Dale Farm traveller eviction council in search for new sites
- Published
A council that spent more than £7m evicting travellers from an illegal encampment is now looking for about 30 new pitches for gypsies.
Basildon Borough Council evicted 86 families from the Dale Farm site near Basildon in 2011.
But the Conservative-run authority has now begun a six-week project asking landowners to suggest new sites.
Council leader Phil Turner said the authority might have considered Dale Farm had it been suggested now.
The council has been told by government it needs about 30 new pitches by 2016 and more than 120 in total within 20 years.
Mr Turner told BBC Essex the current project and the Dale Farm evictions were totally separate because Dale Farm involved clearing "an illegal site".

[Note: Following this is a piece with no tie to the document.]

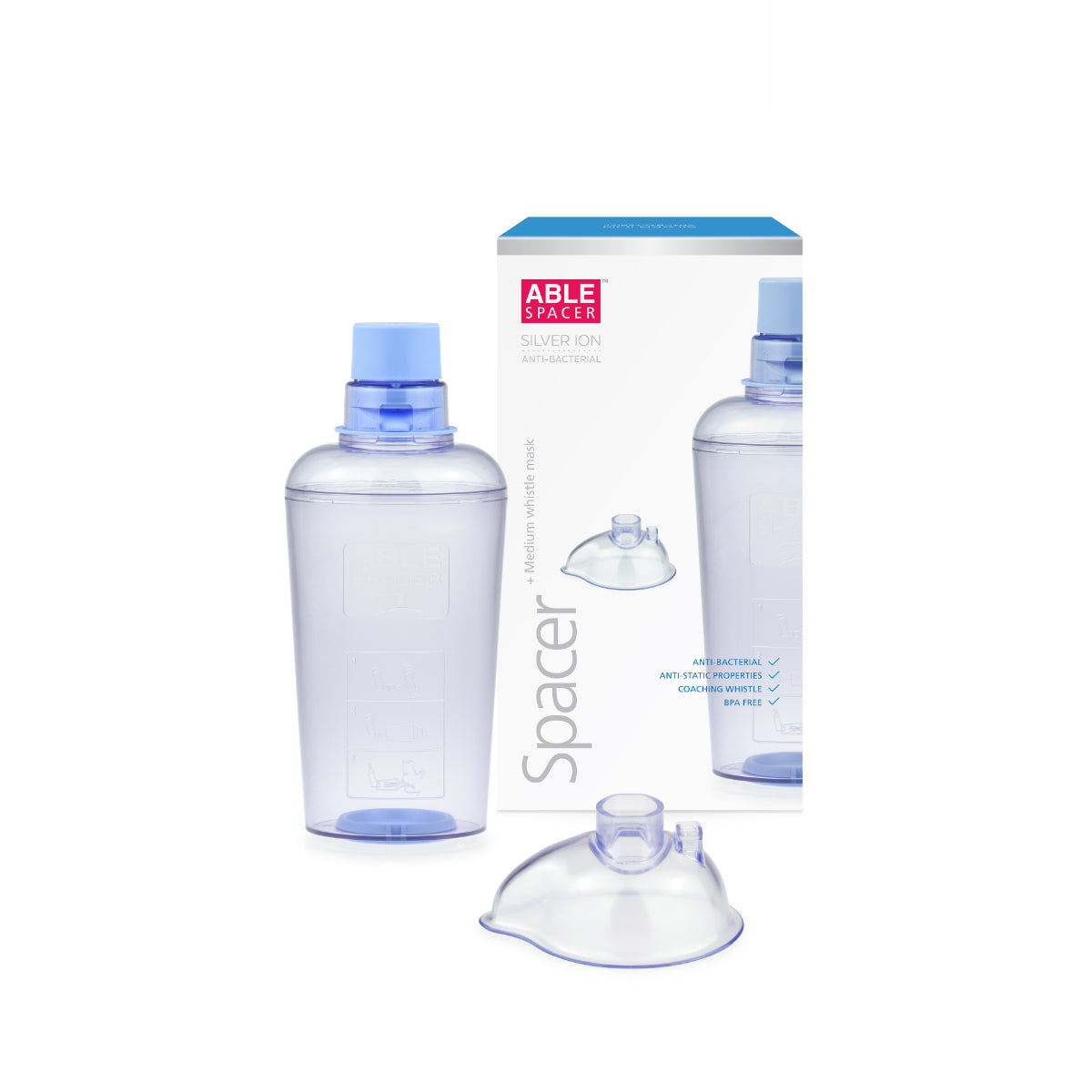 ABLE Health's Spacer with Medium Whistle Mask is embedded with silver ion to protect against 99% of all harmful bacteria (demonstrated by ISO 22196 tests)....

"If it had been around this time, then we may have been able to consider those sites.
"But unfortunately the travelling community did not want to wait until this point in time."
Mr Turner defended the decision to evict travellers three years ago.
"You've got to be careful you don't come down on the side of expediency rather than legality."
Asked whether the now-cleared land might be considered for traveller occupation, he said there was "a question of ownership" concerning the land because the council was still trying to recoup the costs of the 2011 evictions.
"We are looking at smaller sites of about 12 pitches and not those massive conurbations," he said.
Matthew Brindley, policy manager at the Traveller Movement, said: "Dale Farm was good for no-one.
"But it (Dale Farm) was the result of under provision not just in Basildon but in the wider Essex area.
"A lot of the families there were there through necessity."